Words cannot describe the absolutely tremendous difference in quality between the castings of the APR Intercooler and the competition's. Every edge and surface of the APR intercooler is razor sharp and free of defects while the competition's is riddled with casting flaws, loose tolerances, voids, extra casting pieces ready to fall off and enter your engine at a moment's notice and other strange casting attributes associated only with the worst practices in the industry. Expect the inside of an APR intercooler end tank to be smooth and specific for routing intake air while our competition's are littered with extra mounting knobs producing into the design which disrupts smooth airflow.





*Competitor Core End Tank Casting Issues*

  



Poor casting quality extends beyond just looks. It impacts all of the following:



*Performance* – Airflow through end tanks

*Fitment* – Poor tolerances

*Weight* – Extra unnecessary casting attributes

*Leaks* – Casting voids are prone to leaking

*Engine Safety* – Casting flack can easily break free and enter your engine



Competitors have attempted to hide these defects from customers through painting, power coating, sanding and polishing end tanks, but this only superficially mask the issues. 



  

*Fitment:* 

The APR Intercooler fits perfectly. The competition’s is not even close. The following areas are known issues with the competition’s intercooler:



Every mounting point

Every screw hole

 

The competition's intercooler will loosely fit into each mounting point while other factory components must be bent to line up with the screw holes. In some cases, the screw holes are so far off or filled with excess casting material, they have to be retapped before they can be installed increasing labor costs and reducing the shop's profitability which will have to be made up in other areas. 

 

All mounting points and screw holes on the APR intercooler are in the correct location. They are machined in house to ensure proper sizing and proper thread pitch. 

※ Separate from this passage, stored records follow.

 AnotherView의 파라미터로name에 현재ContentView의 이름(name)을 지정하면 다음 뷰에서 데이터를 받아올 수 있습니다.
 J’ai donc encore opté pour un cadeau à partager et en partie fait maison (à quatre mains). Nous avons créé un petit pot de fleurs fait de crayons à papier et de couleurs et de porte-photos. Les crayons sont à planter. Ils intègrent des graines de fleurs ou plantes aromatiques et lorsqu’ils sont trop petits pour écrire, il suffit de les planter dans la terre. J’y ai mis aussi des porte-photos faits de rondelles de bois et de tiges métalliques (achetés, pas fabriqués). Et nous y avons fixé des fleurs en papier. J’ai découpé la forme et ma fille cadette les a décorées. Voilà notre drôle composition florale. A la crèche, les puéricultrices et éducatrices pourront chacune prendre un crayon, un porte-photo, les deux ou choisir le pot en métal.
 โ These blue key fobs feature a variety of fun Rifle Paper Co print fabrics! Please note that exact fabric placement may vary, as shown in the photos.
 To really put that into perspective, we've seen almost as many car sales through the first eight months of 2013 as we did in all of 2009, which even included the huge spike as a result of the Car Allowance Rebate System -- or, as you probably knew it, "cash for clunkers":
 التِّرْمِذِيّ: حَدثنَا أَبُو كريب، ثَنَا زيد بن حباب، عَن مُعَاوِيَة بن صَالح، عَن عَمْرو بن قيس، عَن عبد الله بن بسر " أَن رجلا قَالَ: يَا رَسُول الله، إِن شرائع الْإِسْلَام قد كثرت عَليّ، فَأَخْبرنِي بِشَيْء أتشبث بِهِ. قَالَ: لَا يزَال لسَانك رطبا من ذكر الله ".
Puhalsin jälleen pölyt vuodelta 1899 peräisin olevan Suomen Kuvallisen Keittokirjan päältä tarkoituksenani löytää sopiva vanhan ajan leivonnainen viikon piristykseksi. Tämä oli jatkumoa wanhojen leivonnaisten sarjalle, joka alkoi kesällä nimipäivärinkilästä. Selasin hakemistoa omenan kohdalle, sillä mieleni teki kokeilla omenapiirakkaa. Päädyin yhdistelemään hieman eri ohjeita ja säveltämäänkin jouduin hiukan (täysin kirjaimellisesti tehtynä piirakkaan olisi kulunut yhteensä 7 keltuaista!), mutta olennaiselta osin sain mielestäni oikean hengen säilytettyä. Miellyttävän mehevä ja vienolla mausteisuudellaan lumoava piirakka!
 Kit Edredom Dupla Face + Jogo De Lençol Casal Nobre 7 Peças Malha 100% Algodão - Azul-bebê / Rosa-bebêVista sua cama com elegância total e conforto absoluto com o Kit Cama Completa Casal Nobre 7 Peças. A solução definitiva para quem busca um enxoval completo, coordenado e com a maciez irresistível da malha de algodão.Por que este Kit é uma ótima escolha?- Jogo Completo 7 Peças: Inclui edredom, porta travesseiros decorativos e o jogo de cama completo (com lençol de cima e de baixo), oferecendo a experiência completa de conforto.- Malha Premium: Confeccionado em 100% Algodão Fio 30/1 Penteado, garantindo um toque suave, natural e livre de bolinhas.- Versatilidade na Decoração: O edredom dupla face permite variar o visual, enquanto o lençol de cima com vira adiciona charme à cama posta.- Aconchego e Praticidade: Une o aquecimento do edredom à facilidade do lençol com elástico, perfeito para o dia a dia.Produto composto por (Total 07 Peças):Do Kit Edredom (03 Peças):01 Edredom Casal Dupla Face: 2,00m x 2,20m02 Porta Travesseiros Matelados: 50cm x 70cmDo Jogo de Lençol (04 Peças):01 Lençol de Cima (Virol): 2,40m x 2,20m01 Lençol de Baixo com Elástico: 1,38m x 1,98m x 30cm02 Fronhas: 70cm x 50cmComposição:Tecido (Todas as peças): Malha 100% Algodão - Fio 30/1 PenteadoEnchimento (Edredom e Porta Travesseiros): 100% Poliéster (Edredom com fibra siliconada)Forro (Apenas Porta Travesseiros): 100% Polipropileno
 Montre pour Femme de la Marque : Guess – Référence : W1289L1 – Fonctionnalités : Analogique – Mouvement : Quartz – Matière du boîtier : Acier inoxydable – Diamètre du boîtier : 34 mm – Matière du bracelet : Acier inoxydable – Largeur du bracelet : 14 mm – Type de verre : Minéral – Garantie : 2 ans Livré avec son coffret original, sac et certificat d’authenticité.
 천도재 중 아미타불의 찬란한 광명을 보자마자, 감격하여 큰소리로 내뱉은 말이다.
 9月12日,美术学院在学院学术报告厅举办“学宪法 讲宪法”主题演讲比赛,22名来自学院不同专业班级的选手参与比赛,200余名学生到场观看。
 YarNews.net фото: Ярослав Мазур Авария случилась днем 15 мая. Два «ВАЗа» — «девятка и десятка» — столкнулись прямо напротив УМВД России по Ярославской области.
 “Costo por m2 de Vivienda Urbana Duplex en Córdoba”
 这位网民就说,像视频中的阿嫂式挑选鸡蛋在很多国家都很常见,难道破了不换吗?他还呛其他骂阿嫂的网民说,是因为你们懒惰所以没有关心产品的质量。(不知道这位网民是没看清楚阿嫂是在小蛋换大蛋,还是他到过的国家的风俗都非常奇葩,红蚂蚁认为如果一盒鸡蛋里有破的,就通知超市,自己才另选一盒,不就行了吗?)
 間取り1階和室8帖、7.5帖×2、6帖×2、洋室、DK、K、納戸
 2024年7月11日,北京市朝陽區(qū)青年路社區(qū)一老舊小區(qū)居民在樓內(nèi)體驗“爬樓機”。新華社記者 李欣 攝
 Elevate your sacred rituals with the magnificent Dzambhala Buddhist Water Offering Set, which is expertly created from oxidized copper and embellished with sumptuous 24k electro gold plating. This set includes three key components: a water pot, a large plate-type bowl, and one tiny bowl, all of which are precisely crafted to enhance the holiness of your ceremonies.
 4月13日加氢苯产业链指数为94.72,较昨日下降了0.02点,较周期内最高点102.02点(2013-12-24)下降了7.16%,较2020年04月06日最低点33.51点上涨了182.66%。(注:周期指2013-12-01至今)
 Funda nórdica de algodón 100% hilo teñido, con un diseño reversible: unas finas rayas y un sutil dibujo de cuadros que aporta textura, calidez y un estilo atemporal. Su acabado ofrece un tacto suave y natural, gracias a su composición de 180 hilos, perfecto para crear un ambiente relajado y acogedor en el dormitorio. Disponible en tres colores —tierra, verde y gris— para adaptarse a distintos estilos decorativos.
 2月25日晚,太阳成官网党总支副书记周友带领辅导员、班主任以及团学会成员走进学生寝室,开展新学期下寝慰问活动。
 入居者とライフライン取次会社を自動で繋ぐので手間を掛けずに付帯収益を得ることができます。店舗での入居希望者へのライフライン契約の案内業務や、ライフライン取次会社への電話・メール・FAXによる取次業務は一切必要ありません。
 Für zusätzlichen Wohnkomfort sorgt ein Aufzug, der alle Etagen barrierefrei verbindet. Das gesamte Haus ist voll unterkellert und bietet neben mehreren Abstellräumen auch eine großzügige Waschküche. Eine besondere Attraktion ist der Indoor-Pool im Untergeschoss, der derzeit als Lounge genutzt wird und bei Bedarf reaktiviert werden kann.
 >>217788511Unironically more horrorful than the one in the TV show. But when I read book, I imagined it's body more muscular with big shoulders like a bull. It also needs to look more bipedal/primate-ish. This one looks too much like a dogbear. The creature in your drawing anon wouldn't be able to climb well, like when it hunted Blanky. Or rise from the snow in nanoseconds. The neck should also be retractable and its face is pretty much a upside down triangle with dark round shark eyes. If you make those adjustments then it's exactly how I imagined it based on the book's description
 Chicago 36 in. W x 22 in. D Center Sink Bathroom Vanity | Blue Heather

With very little communication or factual exchange of information between our competitor's and their overseas suppliers, fitment issues will pop up all the time. There's no fixing the issue either as the competitors don't own the tooling used to cast each piece. They are simply purchasing parts from random vendors, many of whom have actually copied bad design, further pushing tolerances out of spec. Depending on the factory pumping out the parts, it will either fit one way or another way. 



  

*Support:* 

Included with every APR Intercooler System is a printed and spiral-bound instruction manual covering each step of the detailed install. Most competitors include no directions at all. If you ever run into a problem, you can simply call APR for support as we currently staff more employees who have installed an APR Intercooler than many companies employ in their entire company. 


__
Image uploading. Refresh page to view










The APR Intercooler also comes with a lifetime warranty which is an important aspect often not discussed. Many companies have the ability to offer "lifetime warranties" but many of these companies do not stay in business for long periods of time. Once they're out of business, you'll have no way to get a replacement part should you ever need one. It's not uncommon to hear of a customer getting into an accident and in the process ripping a hose or damaging some other component. In those cases, we can quickly and easily ship the customer a new hose to aid in the repair but for the companies out of business or the ones purchased through cheap EBay outlets, there are no replacement parts when the need arises.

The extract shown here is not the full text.